GPB/EUR: Pound bounces higher on German inflation slump | City & Business | Finance

The GBP/EUR pairing advanced by over 0.3 per cent to achieve a high of €1.161, up from a low of €1.153.

Economists had forecast that the rate of inflation in Germany would come in at 0.4 per cent on the month in March, down from 0.6 per cent in February. However, the consumer price index printed at 0.2 per cent on the month.

The annual reading of 1.6 per cent was also lower than forecasts of 1.8 per cent and marked a significant slowdown from the previous month’s 2.2 per cent reading.

This was the first annual slowdown in nearly a year. Although higher food costs and climbing energy prices contributed to the overall increase, price rises in both areas slowed.

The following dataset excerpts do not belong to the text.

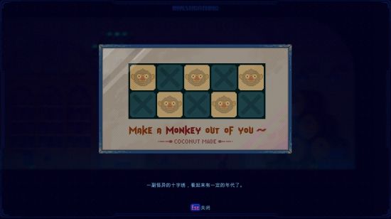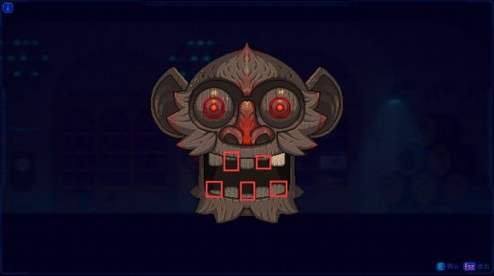 然后交互左边墙上的猴子面具,出现小游戏。这个游戏需要我们把猴子的牙齿按下,参照刚才看到的十字绣,把带叉的对应的牙齿按下去。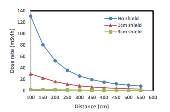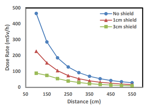 Figure 16: Dose Rate (mSv/h) due to 2.2 TBq of 60Co at Different Distances With and Without Shield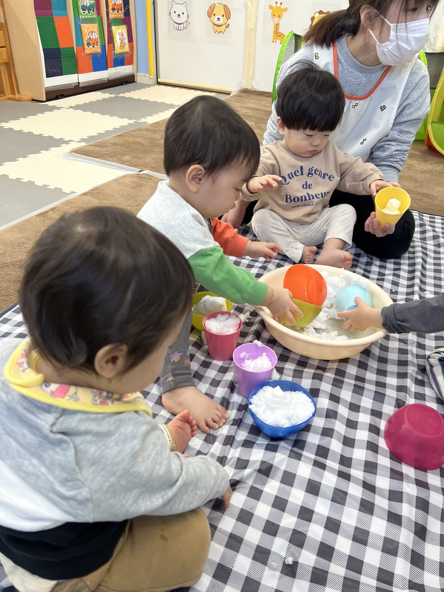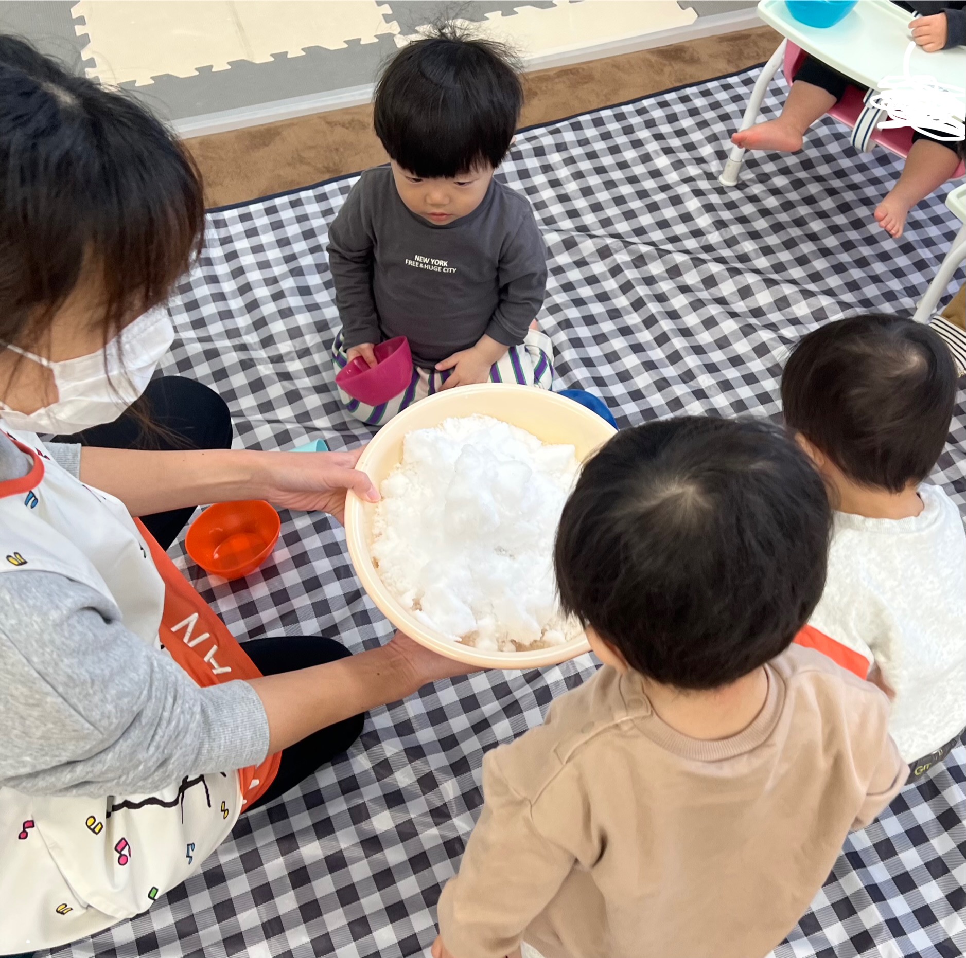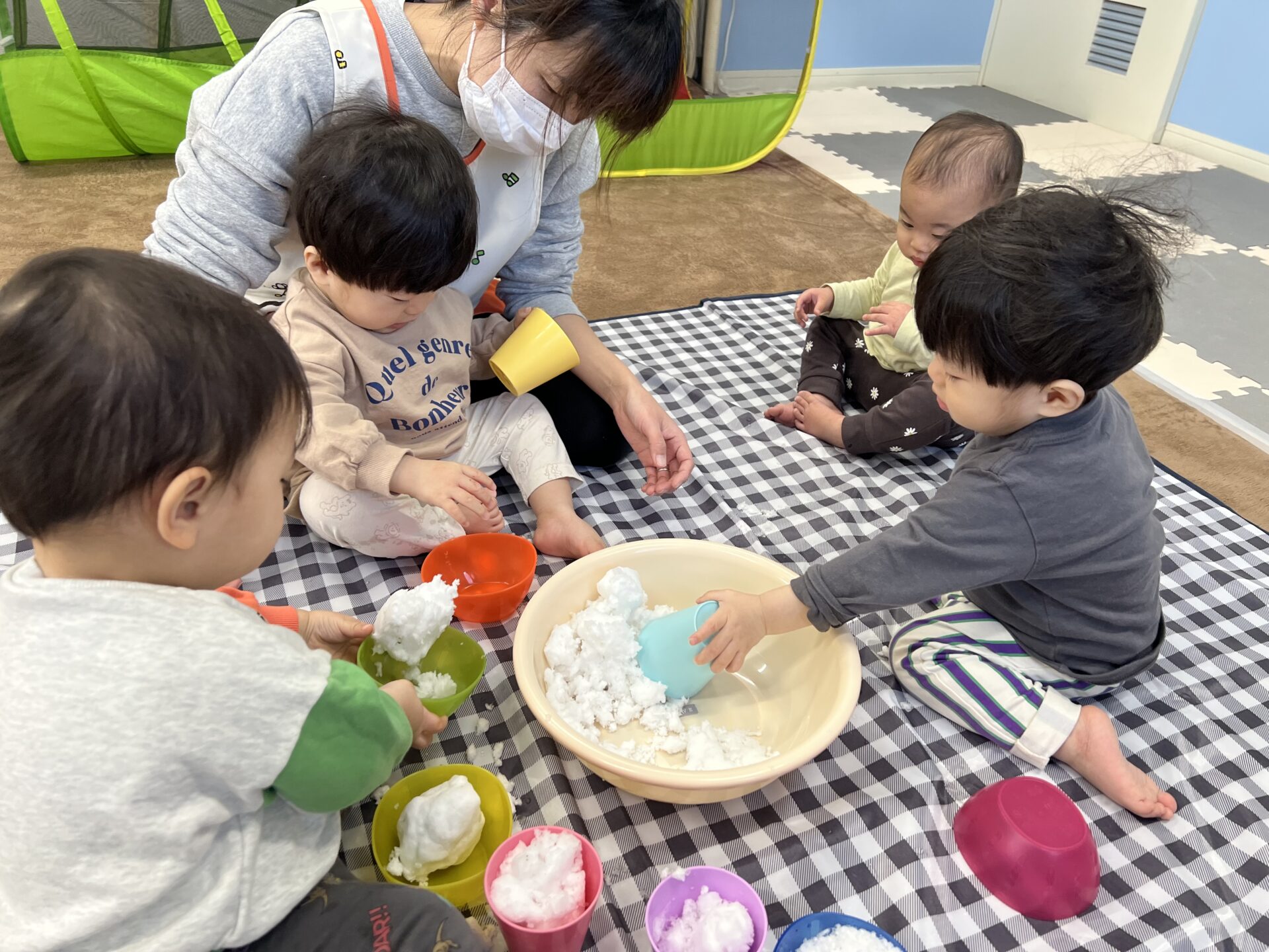 一人ひとり触って楽しめるように雪をお皿に入れてみました✨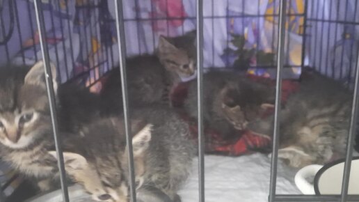 СПАСЕННЫЕ КОТЯТКИ БАРСУЧЕК И ПЯТЬ МАЛЕНЬКИХ "ШПРОТИКОВ" НА КАРАНТИНЕ В КЛЕТКАХ 💖
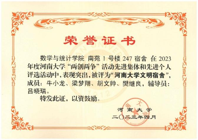 入学以来,247宿舍成员都秉承着“明德新民,止于至善”的校训和“团结勤奋,严谨朴实“的学风,勤奋学习,共同进步。学习专业课,看论文、讲讨论班、参与科研任务成为了他们的日常。四人彼此鞭策着,争先恐后地努力着,比学赶超的氛围让他们不断向上,在知识领域上持续取得新的进步。宿舍四人多次获得河南大学研究生一等学业奖学金。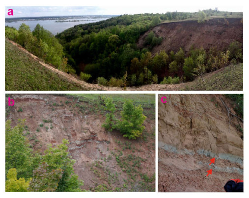 Cheremushki geosite: (a) general view of the Urzhumian section exposed in the gully; (b) Urzhumian red fine siliciclastics; (c) paleosol horizons (indicated by red arrows; a bag in the lower right corner is provided for scale).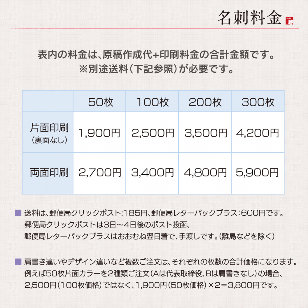 *同じデザインでも、肩書き違いなど原稿内容が異なる場合は、2種類分をご注文ください。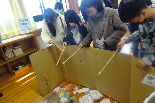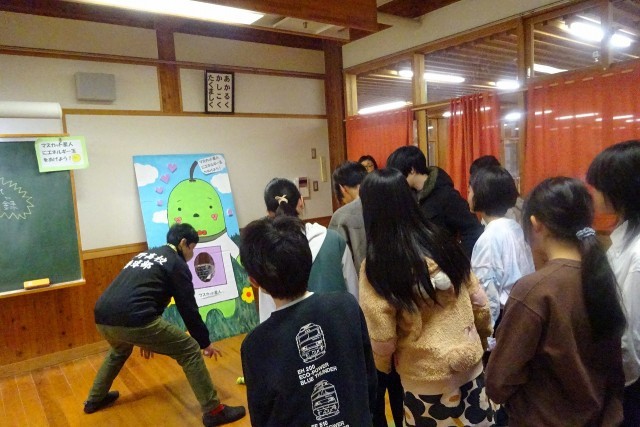 市内の高校生も運営に協力してくださいました。生徒さん制作のゲームコーナーも子ども達が集まって楽しく体験させていただきました。釣堀とマスカット星人です。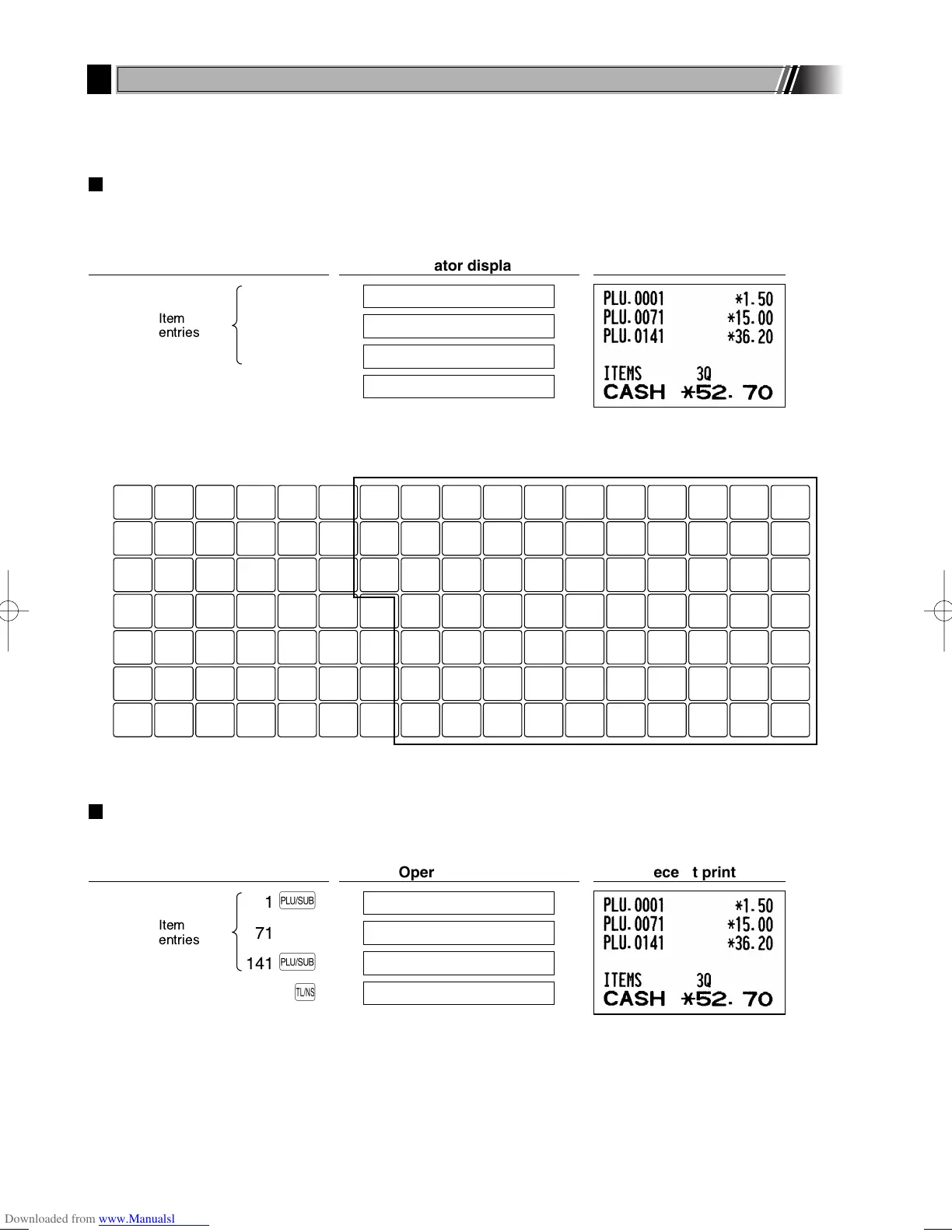 The cash register allows you two ways of entering PLUs; direct PLU entry and PLU code entry. For more
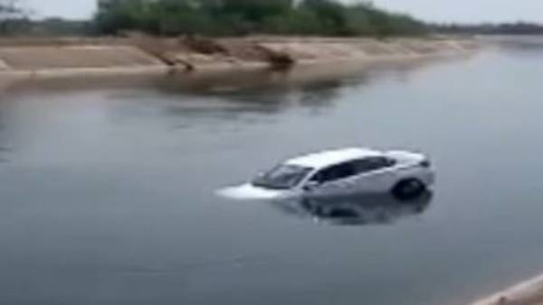 నాగార్జున సాగర్ ఎడమ కాలువలో కొట్టుకుపోతున్న హోండా సిటీ కారు: తోసేసిన ఇద్దరు!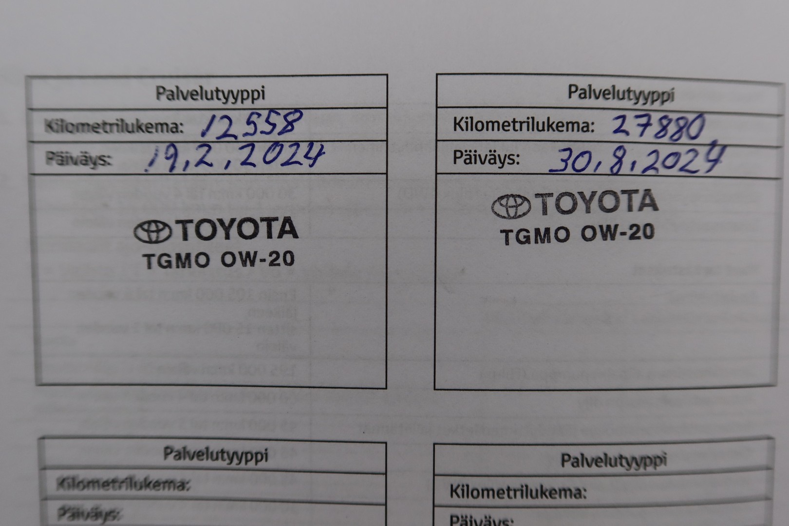 Huoltokirja, viimeisin huolto tehty n. 28tkm. ajettuna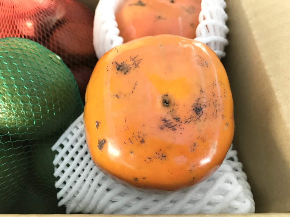 柿の収穫が始まりましたが、台風の影響から傷がついています。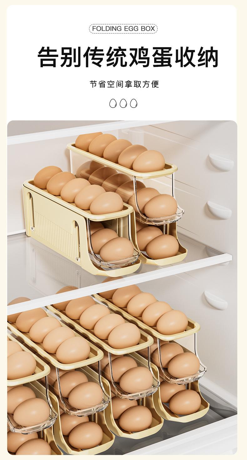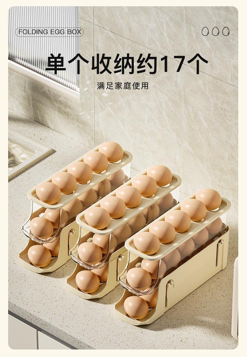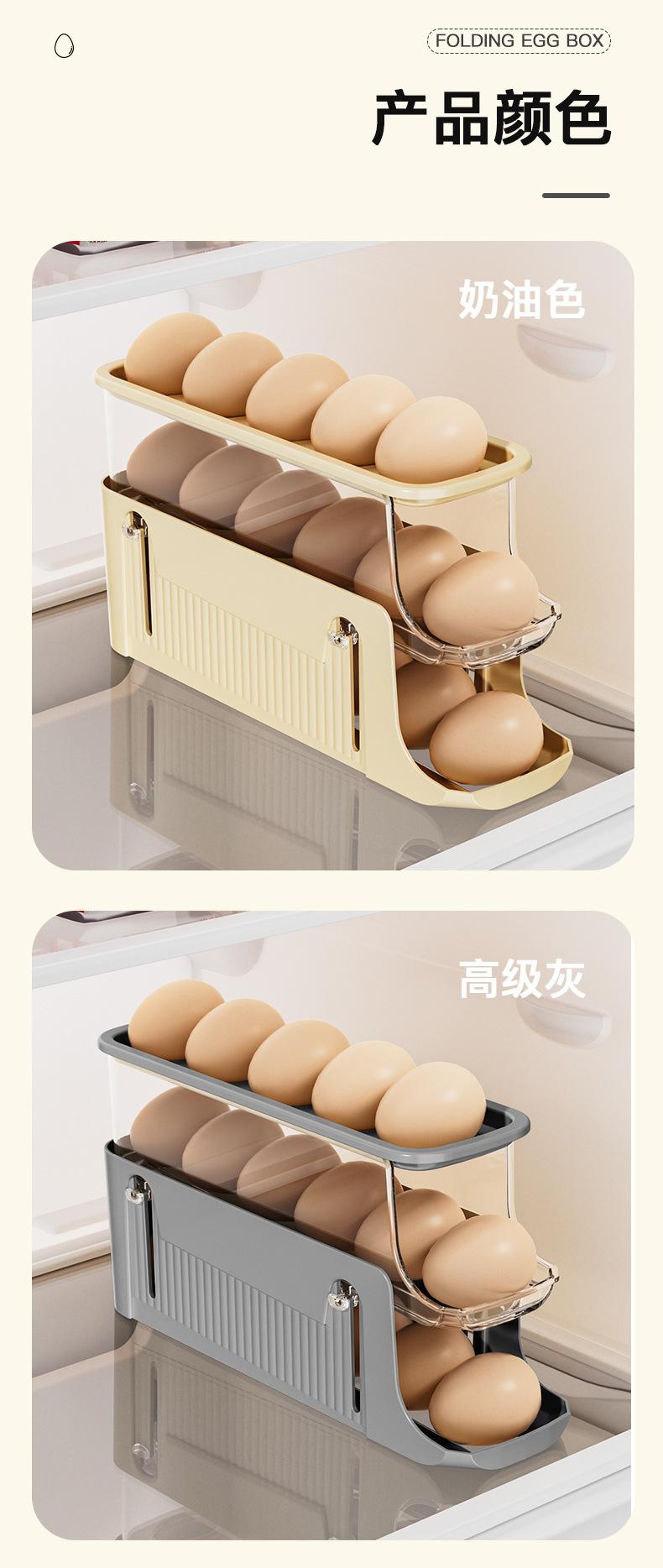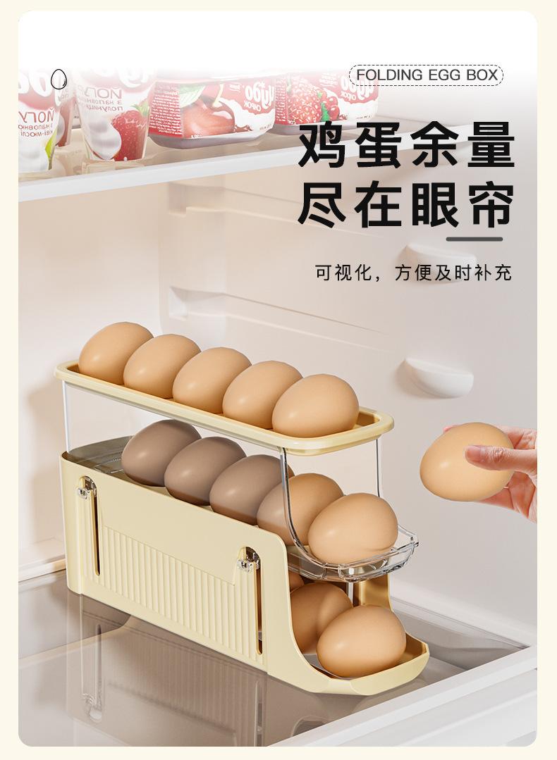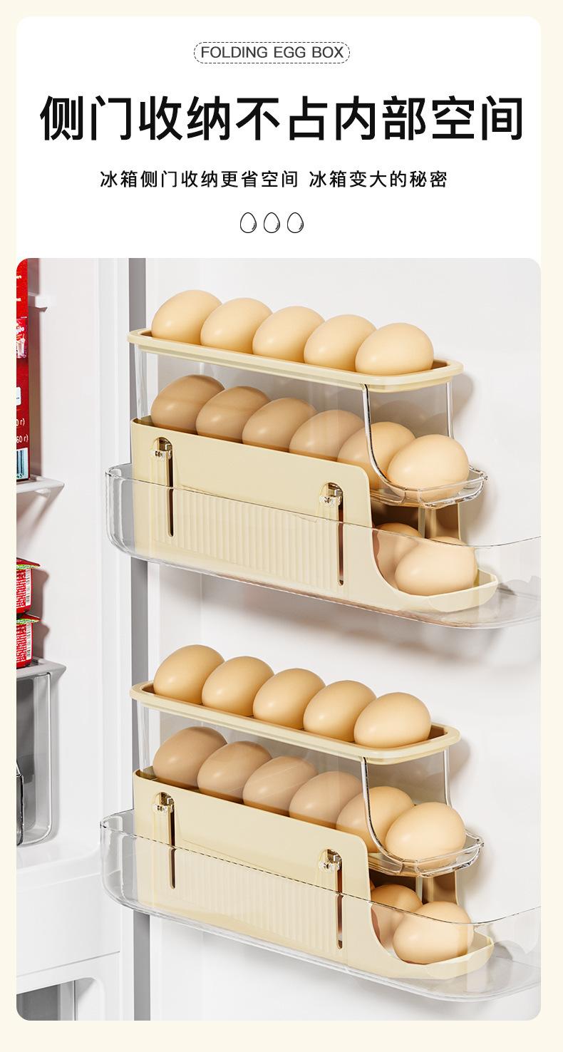 Caja de Almacenamiento de Huevos Tipo Deslizante Rodillo para Huevos Conservación Fresca Puerta Lateral del Refrigerador Tres Capas Gran Capacidad Plegable Estante Rodante para Huevos

As Germany is the Eurozone’s largest economy, the dip could have a negative impact on the rate of inflation in the currency bloc as a whole.

The euro accordingly weakened across the board after the data was published, with EUR/GBP sliding to £0.860 and EUR/USD easing back to $1.072.

Earlier in the day the Eurozone’s economic, business, industrial and services confidence measures all came in below forecasts.

Economic confidence dipped from 108.0 to 107.9, the business climate indicator held at 0.82 instead of improving to 0.87, industrial confidence slipped from 1.3 to 1.2 and the services index dropped from 13.9 to 12.7.

Demand for the euro was also limited as a report from Reuters indicated that the European Central Bank (ECB) was concerned about the reaction to policy hints made earlier in the month.

The ECB’s last policy meeting led to speculation that the central bank could be planning to increase interest rates before the close of 2017, or at least start tapering its quantitative easing measures in preparation for raising interest rates early next year.

However, it seems the central bank is keen to backpedal on that outlook.

ECB sources said: “We wanted to communicate reduced tail risk but the market took it as a step to the exit. The message was way overinterpreted.”